══ Dataset entries ══
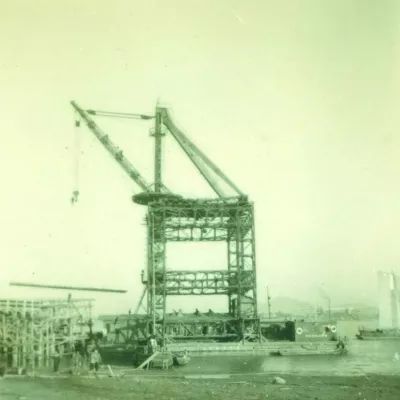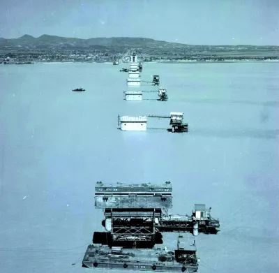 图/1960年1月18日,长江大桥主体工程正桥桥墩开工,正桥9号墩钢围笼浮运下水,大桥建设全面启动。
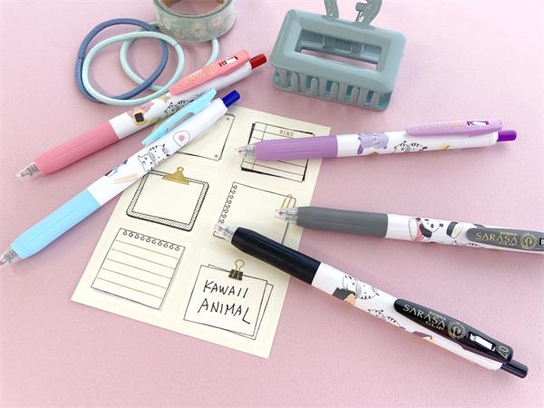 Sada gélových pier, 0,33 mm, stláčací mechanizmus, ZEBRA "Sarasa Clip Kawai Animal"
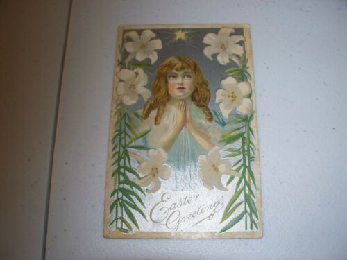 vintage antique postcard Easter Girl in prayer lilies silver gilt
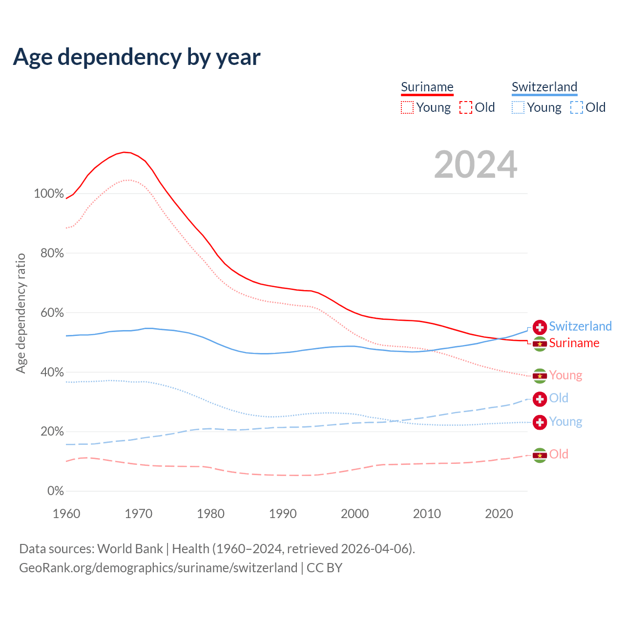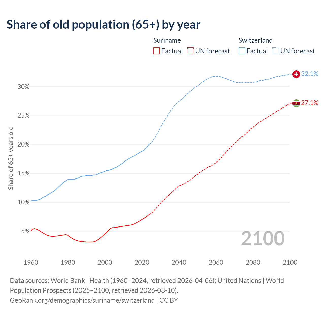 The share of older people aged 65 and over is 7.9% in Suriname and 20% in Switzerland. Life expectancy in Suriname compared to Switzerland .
═══
══ Dataset entries ══
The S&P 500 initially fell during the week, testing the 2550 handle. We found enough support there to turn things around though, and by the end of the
═══
══ Dataset entries ══
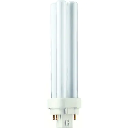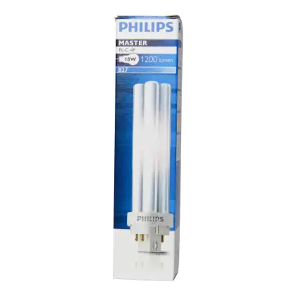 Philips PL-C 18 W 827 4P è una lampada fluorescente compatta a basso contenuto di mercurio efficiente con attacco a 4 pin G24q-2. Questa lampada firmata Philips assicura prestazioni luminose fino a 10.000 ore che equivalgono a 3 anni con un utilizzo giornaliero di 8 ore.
═══
◆ Instructions to follow
Each line above from the one containing "vintage antique postcard" through the one containing "The share of" is to be returned verbatim. Nothing else, and no pictures.

◆ Completed task
 vintage antique postcard Easter Girl in prayer lilies silver gilt
 The share of older people aged 65 and over is 7.9% in Suriname and 20% in Switzerland. Life expectancy in Suriname compared to Switzerland .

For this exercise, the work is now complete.